▶ Problem: Your task is to repeat the entries underneath exactly, minus the pictures.

Start of Recorded information

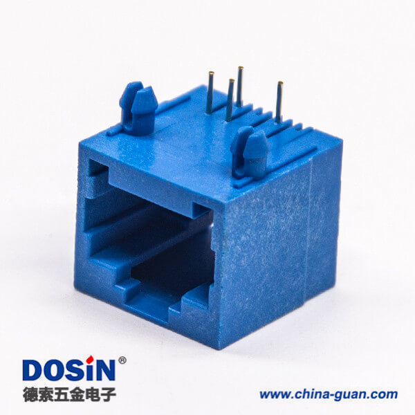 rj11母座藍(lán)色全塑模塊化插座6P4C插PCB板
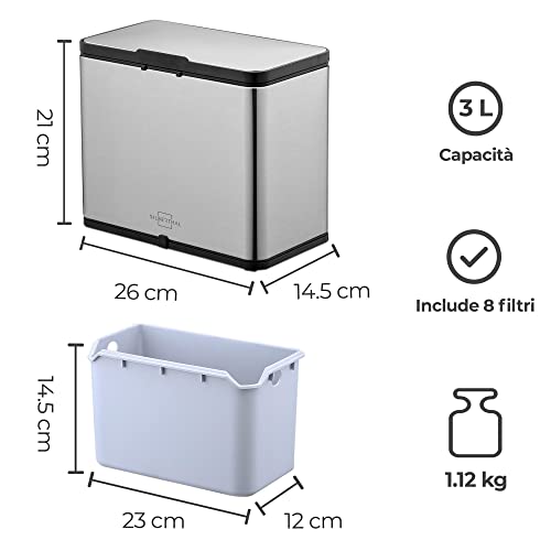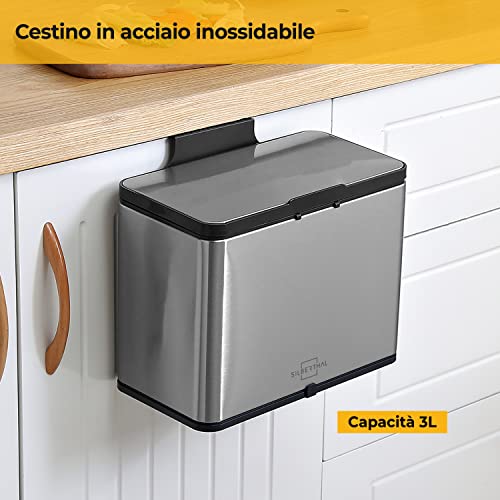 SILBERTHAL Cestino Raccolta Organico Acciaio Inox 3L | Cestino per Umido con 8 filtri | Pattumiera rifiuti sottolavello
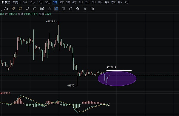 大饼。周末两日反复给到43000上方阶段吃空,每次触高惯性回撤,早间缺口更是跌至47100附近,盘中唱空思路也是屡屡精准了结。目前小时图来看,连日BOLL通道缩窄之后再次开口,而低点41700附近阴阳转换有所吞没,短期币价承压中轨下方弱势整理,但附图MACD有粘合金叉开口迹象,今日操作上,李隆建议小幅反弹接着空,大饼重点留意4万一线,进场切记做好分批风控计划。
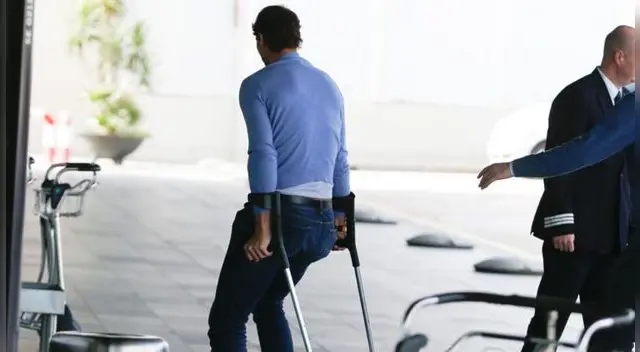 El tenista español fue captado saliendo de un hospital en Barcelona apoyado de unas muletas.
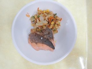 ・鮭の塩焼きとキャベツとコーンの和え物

End of Recorded information

▶ Task output:
 rj11母座藍(lán)色全塑模塊化插座6P4C插PCB板
 SILBERTHAL Cestino Raccolta Organico Acciaio Inox 3L | Cestino per Umido con 8 filtri | Pattumiera rifiuti sottolavello
 大饼。周末两日反复给到43000上方阶段吃空,每次触高惯性回撤,早间缺口更是跌至47100附近,盘中唱空思路也是屡屡精准了结。目前小时图来看,连日BOLL通道缩窄之后再次开口,而低点41700附近阴阳转换有所吞没,短期币价承压中轨下方弱势整理,但附图MACD有粘合金叉开口迹象,今日操作上,李隆建议小幅反弹接着空,大饼重点留意4万一线,进场切记做好分批风控计划。
 El tenista español fue captado saliendo de un hospital en Barcelona apoyado de unas muletas.
 ・鮭の塩焼きとキャベツとコーンの和え物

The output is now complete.